The layout of the camper is pretty simple. There’s a table and seating up front, a small kitchen unit in the middle, a couple of cabinets and a bed.

Image: Facebook Marketplace, Other
Image: Facebook Marketplace, Other

There is no shower and no toilet. You have more or less similar amenities as a pop-up camper, but with hard walls. One thing I love about this camper is that the colour theming continues inside, too.

Image: Serro via National Serro Scotty Organisation

And as I mentioned before, it makes up for its lack of features by being incredibly light. At just 442 kg it could be towed by just about anything. I’ve towed more weight with a Smart Fortwo before. Including its tongue, total length is around 4.88 m, which is short enough to fit in some garages!

The seller for this Scotty Sportsman says that it’s road-ready without any leaks. It just needs a set of tires. It’s unclear whether this one has been restored or not. But if it hasn’t, it has survived incredibly well over the decades.

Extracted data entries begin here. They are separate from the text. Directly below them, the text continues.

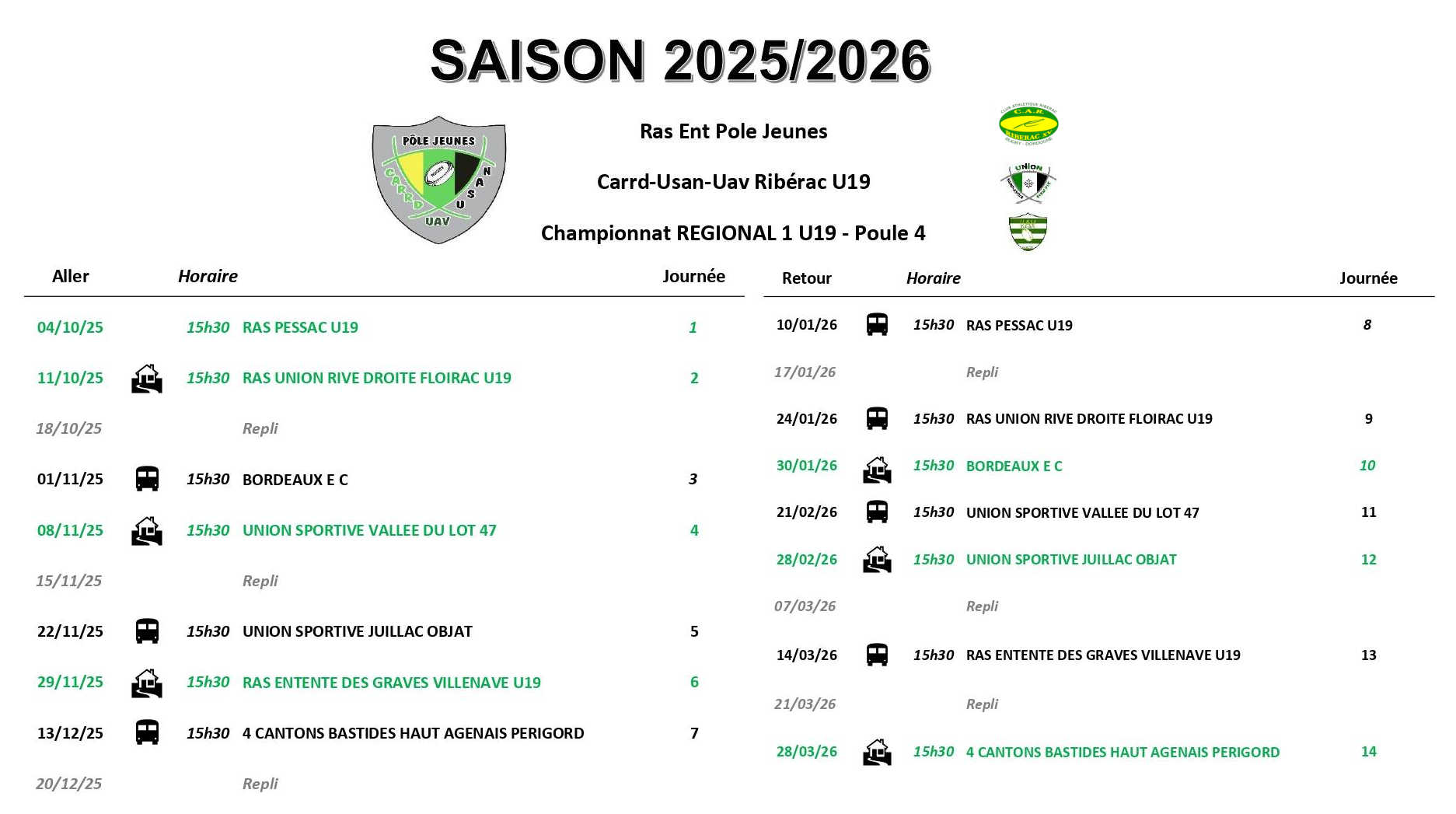 Déplacement à Chameyrat: Victoire de l’équipe B: 33 – 7; Match nul de la A: 10 – 10
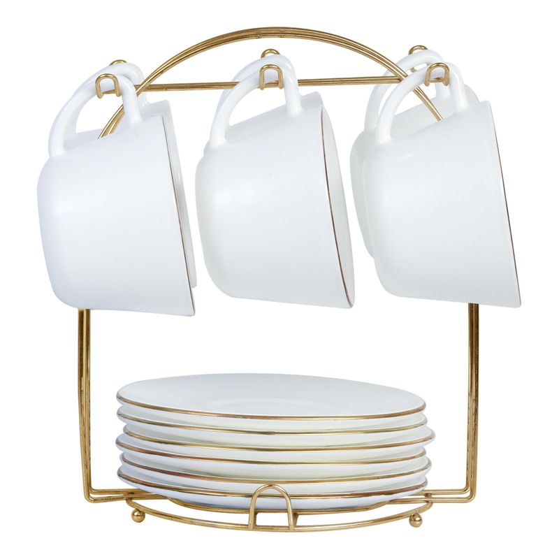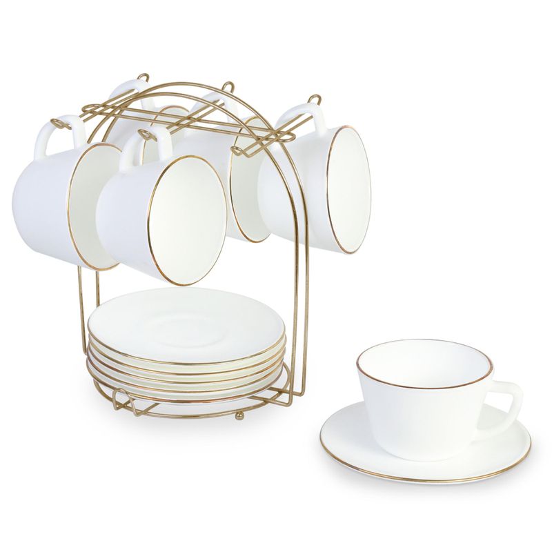 Un Juego de Té con Rack Borde Dorado elaborado en vitrocerámica, ideal para servir con estilo, y una Cafetera Eléctrica de 12 tazas perfecta para preparar café fresco en minutos.
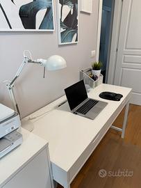 Vendo ben tenuta scrivania Ikea modello Alex bianca, misure lunghezza 132 cm , profondità 58 cm, altezza 76 cm. Dotata di due ampi cassetti e di sistema integrato per organizzare i cavi (nascosti ma a portata di mano). No spedizione, ritiro a mano.
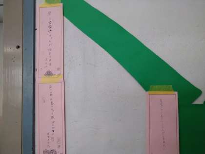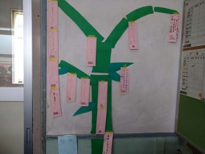 しかしながら、2年生の学級に温かい空間を発見しました。手作りの七夕の「笹」と「短冊」が飾ってありました。

Image: Facebook Marketplace, Other

Sadly, the same cannot be said for Serro. The company continued to expand through the decades, producing trailers as long as 9.75 m-long and even producing park models. Serro even made a motorhome in 1995. But in 1997, Serro’s factory burned down, putting an end to camper production. Serro Scotty trailers would be revived in 2007 just to end production again in 2014. Now, the name basically exists in name only.

The price for this piece of camping history is a reasonable $7,200. Go ahead and hitch this up to whatever you have!